Striatal A2AR and D2R expression profiles in A2AR−/− and PCP-treated mice
Next, we aimed at determining possible alterations in striatal A2AR content in the PCP animal model, as well as possible alterations in striatal D2R densities in PCP-treated and in A2AR−/− mice groups, by performing immunoblotting and immunocytochemistry experiments. First, we assessed A2AR and D2R expression by immunoblot analysis. A2AR and D2R expression was ascertained by the presence of protein bands of molecular weight ~45 kDa and ~70–80 kDa, respectively (Fig. 2a, d), which were absent in A2AR- and D2R-knockout mice samples as previously demonstrated [23] In addition, we assessed the dopamine transporter (DAT), as alterations in DAT expression have been recently described in another rodent model of psychosis [31]. Importantly, although A2AR and DAT expression were not altered in the striatum of PCP-treated animals, the expression of D2R was significantly increased (P = 0.0006) (Fig. 2a, b). Immunohistofluorescence analysis of A2AR, D2R and DAT in coronal slices at the level of the anterior commissure from PCP-treated mice also revealed higher D2R immunoreactivity in the striatum (Fig. 2c). Overall, these results indicate that PCP treatment raised D2R expression in the striatum, while A2AR and DAT were unaffected.

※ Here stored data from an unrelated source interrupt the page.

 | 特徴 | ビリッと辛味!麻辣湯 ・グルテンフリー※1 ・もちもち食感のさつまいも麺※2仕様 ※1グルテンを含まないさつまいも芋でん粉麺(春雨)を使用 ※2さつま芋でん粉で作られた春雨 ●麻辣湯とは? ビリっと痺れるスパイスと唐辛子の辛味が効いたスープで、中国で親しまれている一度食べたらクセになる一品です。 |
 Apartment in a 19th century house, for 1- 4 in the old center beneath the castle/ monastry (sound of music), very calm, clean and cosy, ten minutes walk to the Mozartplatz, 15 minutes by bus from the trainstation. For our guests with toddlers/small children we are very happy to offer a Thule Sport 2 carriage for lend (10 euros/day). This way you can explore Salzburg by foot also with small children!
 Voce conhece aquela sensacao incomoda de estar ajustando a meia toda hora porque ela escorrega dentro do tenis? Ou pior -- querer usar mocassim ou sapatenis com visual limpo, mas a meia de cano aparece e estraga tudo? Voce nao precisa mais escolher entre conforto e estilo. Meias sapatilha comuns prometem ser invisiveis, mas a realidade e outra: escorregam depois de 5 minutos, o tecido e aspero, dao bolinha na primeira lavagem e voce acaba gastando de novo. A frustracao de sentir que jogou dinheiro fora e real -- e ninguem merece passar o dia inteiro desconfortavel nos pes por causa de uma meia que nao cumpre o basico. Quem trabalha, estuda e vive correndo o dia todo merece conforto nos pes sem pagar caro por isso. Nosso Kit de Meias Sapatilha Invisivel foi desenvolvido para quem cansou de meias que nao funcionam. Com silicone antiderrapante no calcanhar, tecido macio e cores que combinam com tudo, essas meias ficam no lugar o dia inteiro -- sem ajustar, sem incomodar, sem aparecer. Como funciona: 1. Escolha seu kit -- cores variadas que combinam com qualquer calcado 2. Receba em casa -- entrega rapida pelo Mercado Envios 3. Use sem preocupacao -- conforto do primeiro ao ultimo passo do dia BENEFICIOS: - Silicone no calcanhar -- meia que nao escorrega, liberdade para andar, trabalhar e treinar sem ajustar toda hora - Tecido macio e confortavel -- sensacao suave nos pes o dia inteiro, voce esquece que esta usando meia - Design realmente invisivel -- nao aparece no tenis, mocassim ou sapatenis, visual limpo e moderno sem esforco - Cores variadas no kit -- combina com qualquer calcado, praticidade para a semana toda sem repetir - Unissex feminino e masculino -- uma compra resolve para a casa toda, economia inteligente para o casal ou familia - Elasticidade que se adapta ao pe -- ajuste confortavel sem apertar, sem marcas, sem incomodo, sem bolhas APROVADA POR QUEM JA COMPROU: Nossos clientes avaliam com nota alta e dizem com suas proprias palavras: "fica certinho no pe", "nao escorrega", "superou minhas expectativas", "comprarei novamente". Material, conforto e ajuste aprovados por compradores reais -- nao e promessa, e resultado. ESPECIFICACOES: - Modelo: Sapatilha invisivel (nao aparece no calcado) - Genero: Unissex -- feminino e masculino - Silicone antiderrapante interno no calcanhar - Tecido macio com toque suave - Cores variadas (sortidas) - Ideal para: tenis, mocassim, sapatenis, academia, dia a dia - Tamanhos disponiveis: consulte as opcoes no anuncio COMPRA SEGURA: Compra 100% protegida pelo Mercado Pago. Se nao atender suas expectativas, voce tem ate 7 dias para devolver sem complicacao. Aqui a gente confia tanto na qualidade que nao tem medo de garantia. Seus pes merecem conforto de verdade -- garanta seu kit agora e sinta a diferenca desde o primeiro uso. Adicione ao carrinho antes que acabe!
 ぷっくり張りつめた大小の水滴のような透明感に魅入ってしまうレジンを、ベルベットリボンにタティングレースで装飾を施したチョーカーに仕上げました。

Subsequently, we analyzed A2AR, D2R and DAT expression in WT and A2AR−/− mice. Similar to what was observed in PCP-treated mice, immunoblotting analysis revealed that deletion of A2AR induced a significative increase in D2R (P = 0.0433) but also in DAT (P = 0.0014) expression in the striatum (Fig. 2d, e). As expected, A2AR expression was abolished in A2AR−/− (Fig. 2d, e). In addition, immunohistofluorescence detection of A2AR, D2R and DAT in WT mice also revealed increased D2R and DAT immunoreactivity in the striatum (Fig. 2f). As expected, A2AR immunoreactivity could not be detected in A2AR−/− mice (Fig. 2f). Collectively, these results indicate that the expression of D2R in the striatum of A2AR−/− mice is increased, similar to what was observed in the PCP-based animal model of schizophrenic symptomatology.

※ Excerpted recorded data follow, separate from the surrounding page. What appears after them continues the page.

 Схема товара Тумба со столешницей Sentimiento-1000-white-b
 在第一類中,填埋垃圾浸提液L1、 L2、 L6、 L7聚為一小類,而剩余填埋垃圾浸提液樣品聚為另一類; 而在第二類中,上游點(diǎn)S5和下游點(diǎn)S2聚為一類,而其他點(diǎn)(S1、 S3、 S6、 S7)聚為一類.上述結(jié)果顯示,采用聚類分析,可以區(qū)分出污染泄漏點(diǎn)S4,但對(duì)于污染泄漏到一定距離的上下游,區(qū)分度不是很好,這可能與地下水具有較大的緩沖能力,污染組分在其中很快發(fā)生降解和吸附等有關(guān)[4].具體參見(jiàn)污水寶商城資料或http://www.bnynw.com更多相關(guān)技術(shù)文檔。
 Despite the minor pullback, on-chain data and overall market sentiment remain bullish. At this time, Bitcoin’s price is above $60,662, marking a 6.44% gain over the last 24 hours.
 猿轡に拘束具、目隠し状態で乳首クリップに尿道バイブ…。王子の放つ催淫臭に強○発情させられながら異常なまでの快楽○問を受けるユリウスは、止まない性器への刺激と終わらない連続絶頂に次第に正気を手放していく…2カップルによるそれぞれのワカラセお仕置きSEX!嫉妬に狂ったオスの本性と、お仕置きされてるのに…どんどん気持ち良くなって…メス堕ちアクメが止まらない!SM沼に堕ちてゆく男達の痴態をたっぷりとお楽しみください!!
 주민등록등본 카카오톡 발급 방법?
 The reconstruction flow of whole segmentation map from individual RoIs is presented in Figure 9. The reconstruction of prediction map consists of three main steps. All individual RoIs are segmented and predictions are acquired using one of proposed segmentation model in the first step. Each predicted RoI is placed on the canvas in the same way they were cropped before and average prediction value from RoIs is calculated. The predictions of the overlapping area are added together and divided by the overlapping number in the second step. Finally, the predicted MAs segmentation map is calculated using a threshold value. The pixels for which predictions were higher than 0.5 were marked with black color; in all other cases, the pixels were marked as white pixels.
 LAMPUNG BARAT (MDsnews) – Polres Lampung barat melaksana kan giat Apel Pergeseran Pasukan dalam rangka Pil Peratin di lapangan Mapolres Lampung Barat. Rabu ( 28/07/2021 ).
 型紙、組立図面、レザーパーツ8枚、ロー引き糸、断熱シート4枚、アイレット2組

Striatal levels of ribonucleosides and monoamines in A2AR−/− and PCP-treated mice
To determine a possible presynaptic imbalance, striatal levels of adenosine and dopamine were determined in A2AR+/+, A2AR−/− and PCP-treated mice. The levels of the ribonucleosides cytidine, guanosine and uridine, and the monoamine serotonin were also determined (Supplementary Table S2). Interestingly, although the levels of dopamine and serotonin were not altered in A2AR−/− or in PCP-treated animals, the amounts of adenosine and cytidine were significantly increased in A2AR−/− mice (Supplementary Table S2). Also, the levels of uridine were significantly raised both in A2AR−/− and PCP-treated animals (Supplementary Table S2). These results indicate that purine metabolism is altered in the A2AR−/− mouse model, which displays a striatal neurochemical pattern different from that observed in the PCP model of schizophrenic symptomatology. Altogether, the results (i.e., density of striatal A2AR and D2R, and neurotransmitter levels) obtained from PCP-treated and A2AR−/− mouse models do not support a presynaptic adenosine–dopamine imbalance, but rather support a postsynaptic A2AR–D2R density imbalance in schizophrenia.
A2AR, D2R and DAT expression profiles in the caudate nucleus from postmortem schizophrenic subjects
As mentioned in the introductory section, previous postmortem and imaging studies suggested the presence of an increased D2R expression in the striatum of schizophrenic subjects [5, 6]. Conversely, the results with DAT and A2AR are inconsistent. A recent meta-analysis indicates that there is a significantly greater interindividual variability of striatal DAT availability in patients with schizophrenia, compared to control subjects. These data suggest that altered DAT expression may occur only in a group of patients [32]. Inconsistent results have also been obtained in relation to striatal A2AR expression in schizophrenia, with reports of either upregulation or downregulation [33, 34]. Therefore, we aimed at determining whether the relative expression of D2R, A2AR and DAT were altered in postmortem caudate from a group of schizophrenic subjects (Supplementary Table S1). From immunoblot analysis of postmortem caudate nucleus membranes obtained from a cohort of ten healthy controls and ten subjects diagnosed with paranoid schizophrenia (Supplementary Table S1), we found that D2R, DAT and A2AR expression was significantly (P < 0.05) increased in the caudate nucleus from subjects with schizophrenia (Fig. 3a, b).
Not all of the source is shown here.